* _What the task requires_
Repeat everything in the listing exactly, except for the images.

* _Data excerpt_
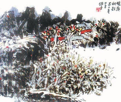 储云年轻时即十分推崇黄宾虹的画,他学好书法后,再学黄宾虹的画,就更地道了。黄宾虹的画不用大笔泼墨,也不大片涂色,全用点线组成,即全是书法线条,古人论用笔“须笔笔转去”、“尽余之线,不作半寸之直”,黄宾虹的画即笔笔转去,不是完全没有直线,一是以曲线为主,二是即使是直线,用意则不直,外直而内曲,变化多端,内蕴无穷,全是传统书法的功力。因此,如前所述,你没有黄宾虹书法的功底,硬学其画,外形似似,而内在无一似。这是功力问题。储云书法有功力,作画亦然。他作山水画,不用大片泼墨,那样外状雄强,而内涵实简单而空;也不大片涂抹色块,那样缺少变化。他以线条为主,点辅次,中锋用笔,浑圆而多变化,莽而见层次,笔笔写出,潇洒而含蓄,且多耐人寻味。
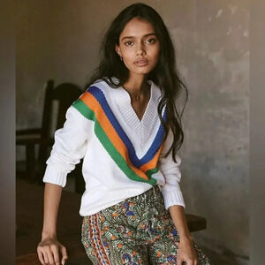 Tory Burch Colorful Striped Merino Wool V Neck Colorful Sweater- XXS
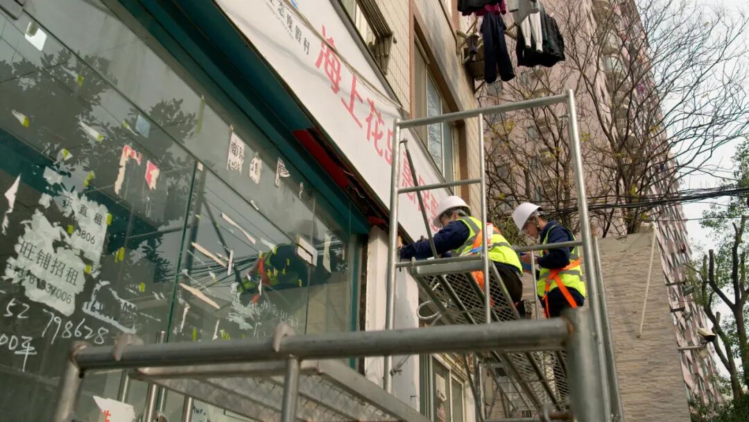 拆除隐患店招现场

* _Result of the task_
 储云年轻时即十分推崇黄宾虹的画,他学好书法后,再学黄宾虹的画,就更地道了。黄宾虹的画不用大笔泼墨,也不大片涂色,全用点线组成,即全是书法线条,古人论用笔“须笔笔转去”、“尽余之线,不作半寸之直”,黄宾虹的画即笔笔转去,不是完全没有直线,一是以曲线为主,二是即使是直线,用意则不直,外直而内曲,变化多端,内蕴无穷,全是传统书法的功力。因此,如前所述,你没有黄宾虹书法的功底,硬学其画,外形似似,而内在无一似。这是功力问题。储云书法有功力,作画亦然。他作山水画,不用大片泼墨,那样外状雄强,而内涵实简单而空;也不大片涂抹色块,那样缺少变化。他以线条为主,点辅次,中锋用笔,浑圆而多变化,莽而见层次,笔笔写出,潇洒而含蓄,且多耐人寻味。
 Tory Burch Colorful Striped Merino Wool V Neck Colorful Sweater- XXS
 拆除隐患店招现场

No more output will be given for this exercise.